Records contained in a dataset
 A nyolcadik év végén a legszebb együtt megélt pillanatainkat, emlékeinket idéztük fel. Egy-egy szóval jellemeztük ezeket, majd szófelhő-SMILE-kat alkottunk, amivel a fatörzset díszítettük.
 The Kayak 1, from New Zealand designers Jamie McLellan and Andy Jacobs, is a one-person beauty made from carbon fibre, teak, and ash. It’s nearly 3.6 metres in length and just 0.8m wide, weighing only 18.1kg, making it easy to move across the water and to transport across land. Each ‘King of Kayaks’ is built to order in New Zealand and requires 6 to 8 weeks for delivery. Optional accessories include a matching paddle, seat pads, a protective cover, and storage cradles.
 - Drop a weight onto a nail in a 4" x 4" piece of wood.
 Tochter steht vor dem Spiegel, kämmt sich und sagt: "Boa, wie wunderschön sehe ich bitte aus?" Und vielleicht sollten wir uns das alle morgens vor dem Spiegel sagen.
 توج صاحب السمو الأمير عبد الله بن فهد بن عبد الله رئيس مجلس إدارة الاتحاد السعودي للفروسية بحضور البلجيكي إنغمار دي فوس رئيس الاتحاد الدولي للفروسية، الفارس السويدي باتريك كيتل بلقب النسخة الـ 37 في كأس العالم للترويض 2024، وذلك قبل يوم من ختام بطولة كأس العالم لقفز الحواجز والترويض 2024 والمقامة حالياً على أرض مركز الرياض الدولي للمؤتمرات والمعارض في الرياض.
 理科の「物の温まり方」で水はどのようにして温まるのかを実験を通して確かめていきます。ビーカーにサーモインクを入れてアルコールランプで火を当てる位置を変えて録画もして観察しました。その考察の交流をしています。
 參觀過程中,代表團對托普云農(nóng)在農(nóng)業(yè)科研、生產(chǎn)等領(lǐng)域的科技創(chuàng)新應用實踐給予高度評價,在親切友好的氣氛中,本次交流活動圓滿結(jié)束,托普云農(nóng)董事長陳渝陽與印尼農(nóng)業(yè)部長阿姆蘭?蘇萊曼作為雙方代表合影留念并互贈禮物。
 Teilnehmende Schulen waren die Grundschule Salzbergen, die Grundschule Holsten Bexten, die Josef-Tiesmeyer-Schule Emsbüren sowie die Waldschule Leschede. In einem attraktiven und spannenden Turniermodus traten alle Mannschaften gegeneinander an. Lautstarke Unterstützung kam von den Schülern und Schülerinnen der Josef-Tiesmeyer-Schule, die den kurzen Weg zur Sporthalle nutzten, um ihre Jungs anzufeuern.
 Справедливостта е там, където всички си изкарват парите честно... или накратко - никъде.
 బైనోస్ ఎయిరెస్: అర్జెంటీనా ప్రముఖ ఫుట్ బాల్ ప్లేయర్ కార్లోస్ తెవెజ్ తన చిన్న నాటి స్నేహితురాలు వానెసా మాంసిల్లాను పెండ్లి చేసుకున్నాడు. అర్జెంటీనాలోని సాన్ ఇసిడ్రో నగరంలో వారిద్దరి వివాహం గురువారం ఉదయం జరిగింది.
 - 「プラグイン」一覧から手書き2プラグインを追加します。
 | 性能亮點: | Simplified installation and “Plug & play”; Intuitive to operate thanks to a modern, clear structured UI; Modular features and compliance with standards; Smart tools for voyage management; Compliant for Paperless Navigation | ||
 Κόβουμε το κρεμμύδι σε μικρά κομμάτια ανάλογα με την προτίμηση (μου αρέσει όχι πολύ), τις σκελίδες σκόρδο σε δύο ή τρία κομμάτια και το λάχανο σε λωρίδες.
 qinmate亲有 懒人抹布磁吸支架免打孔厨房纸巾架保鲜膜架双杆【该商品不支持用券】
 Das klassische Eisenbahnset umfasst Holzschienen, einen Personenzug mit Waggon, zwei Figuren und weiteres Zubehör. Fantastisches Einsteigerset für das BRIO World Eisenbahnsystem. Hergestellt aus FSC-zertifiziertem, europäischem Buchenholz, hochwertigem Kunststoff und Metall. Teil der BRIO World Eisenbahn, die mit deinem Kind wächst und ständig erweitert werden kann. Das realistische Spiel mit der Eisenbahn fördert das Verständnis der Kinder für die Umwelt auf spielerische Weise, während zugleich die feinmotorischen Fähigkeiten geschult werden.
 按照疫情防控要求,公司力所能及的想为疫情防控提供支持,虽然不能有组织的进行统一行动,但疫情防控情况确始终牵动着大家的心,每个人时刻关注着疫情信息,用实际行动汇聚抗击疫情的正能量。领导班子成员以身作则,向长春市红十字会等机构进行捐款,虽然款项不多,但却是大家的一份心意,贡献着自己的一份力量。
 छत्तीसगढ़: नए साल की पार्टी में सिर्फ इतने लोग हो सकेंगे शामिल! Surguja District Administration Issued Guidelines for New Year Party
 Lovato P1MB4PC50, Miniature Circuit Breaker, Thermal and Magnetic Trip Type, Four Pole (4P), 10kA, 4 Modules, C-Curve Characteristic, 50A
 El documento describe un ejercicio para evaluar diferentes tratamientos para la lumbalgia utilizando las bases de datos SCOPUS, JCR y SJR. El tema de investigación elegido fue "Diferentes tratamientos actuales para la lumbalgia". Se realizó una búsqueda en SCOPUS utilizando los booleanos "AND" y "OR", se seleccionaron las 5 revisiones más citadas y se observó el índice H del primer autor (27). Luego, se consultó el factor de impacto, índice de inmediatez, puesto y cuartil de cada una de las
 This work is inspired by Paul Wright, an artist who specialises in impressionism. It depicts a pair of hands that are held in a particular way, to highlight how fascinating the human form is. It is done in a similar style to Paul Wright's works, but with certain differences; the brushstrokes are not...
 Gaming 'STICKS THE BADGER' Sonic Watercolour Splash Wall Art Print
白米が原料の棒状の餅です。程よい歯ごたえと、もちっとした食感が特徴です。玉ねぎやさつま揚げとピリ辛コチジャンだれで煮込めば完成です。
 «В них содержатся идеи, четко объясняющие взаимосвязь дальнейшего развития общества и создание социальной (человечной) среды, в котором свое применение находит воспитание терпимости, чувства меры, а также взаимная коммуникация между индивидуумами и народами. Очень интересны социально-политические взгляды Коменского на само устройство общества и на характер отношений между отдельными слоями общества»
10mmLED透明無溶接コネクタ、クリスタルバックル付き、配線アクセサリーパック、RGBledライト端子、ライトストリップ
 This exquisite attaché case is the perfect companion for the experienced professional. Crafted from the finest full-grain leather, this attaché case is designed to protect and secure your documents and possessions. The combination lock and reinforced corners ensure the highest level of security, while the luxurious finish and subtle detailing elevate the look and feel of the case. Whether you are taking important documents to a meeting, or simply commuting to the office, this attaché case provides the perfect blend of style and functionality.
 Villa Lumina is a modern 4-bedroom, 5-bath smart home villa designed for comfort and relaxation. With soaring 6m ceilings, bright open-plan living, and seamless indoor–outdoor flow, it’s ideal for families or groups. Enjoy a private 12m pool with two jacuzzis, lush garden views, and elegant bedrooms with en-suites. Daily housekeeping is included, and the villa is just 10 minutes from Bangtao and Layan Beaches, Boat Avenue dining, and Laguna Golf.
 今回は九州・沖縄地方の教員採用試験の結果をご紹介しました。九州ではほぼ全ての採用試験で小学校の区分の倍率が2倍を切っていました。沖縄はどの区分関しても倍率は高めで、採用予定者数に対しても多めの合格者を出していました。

▸ EXERCISE DIRECTIONS
Could you return exactly the lines above from the line with "The Kayak 1, from" to the line with "- 「プラグイン」一覧から手書き2プラグインを追加します。", both included, and nothing else?

▸ RESULT FOR THIS EXERCISE
 The Kayak 1, from New Zealand designers Jamie McLellan and Andy Jacobs, is a one-person beauty made from carbon fibre, teak, and ash. It’s nearly 3.6 metres in length and just 0.8m wide, weighing only 18.1kg, making it easy to move across the water and to transport across land. Each ‘King of Kayaks’ is built to order in New Zealand and requires 6 to 8 weeks for delivery. Optional accessories include a matching paddle, seat pads, a protective cover, and storage cradles.
 - Drop a weight onto a nail in a 4" x 4" piece of wood.
 Tochter steht vor dem Spiegel, kämmt sich und sagt: "Boa, wie wunderschön sehe ich bitte aus?" Und vielleicht sollten wir uns das alle morgens vor dem Spiegel sagen.
 توج صاحب السمو الأمير عبد الله بن فهد بن عبد الله رئيس مجلس إدارة الاتحاد السعودي للفروسية بحضور البلجيكي إنغمار دي فوس رئيس الاتحاد الدولي للفروسية، الفارس السويدي باتريك كيتل بلقب النسخة الـ 37 في كأس العالم للترويض 2024، وذلك قبل يوم من ختام بطولة كأس العالم لقفز الحواجز والترويض 2024 والمقامة حالياً على أرض مركز الرياض الدولي للمؤتمرات والمعارض في الرياض.
 理科の「物の温まり方」で水はどのようにして温まるのかを実験を通して確かめていきます。ビーカーにサーモインクを入れてアルコールランプで火を当てる位置を変えて録画もして観察しました。その考察の交流をしています。
 參觀過程中,代表團對托普云農(nóng)在農(nóng)業(yè)科研、生產(chǎn)等領(lǐng)域的科技創(chuàng)新應用實踐給予高度評價,在親切友好的氣氛中,本次交流活動圓滿結(jié)束,托普云農(nóng)董事長陳渝陽與印尼農(nóng)業(yè)部長阿姆蘭?蘇萊曼作為雙方代表合影留念并互贈禮物。
 Teilnehmende Schulen waren die Grundschule Salzbergen, die Grundschule Holsten Bexten, die Josef-Tiesmeyer-Schule Emsbüren sowie die Waldschule Leschede. In einem attraktiven und spannenden Turniermodus traten alle Mannschaften gegeneinander an. Lautstarke Unterstützung kam von den Schülern und Schülerinnen der Josef-Tiesmeyer-Schule, die den kurzen Weg zur Sporthalle nutzten, um ihre Jungs anzufeuern.
 Справедливостта е там, където всички си изкарват парите честно... или накратко - никъде.
 బైనోస్ ఎయిరెస్: అర్జెంటీనా ప్రముఖ ఫుట్ బాల్ ప్లేయర్ కార్లోస్ తెవెజ్ తన చిన్న నాటి స్నేహితురాలు వానెసా మాంసిల్లాను పెండ్లి చేసుకున్నాడు. అర్జెంటీనాలోని సాన్ ఇసిడ్రో నగరంలో వారిద్దరి వివాహం గురువారం ఉదయం జరిగింది.
 - 「プラグイン」一覧から手書き2プラグインを追加します。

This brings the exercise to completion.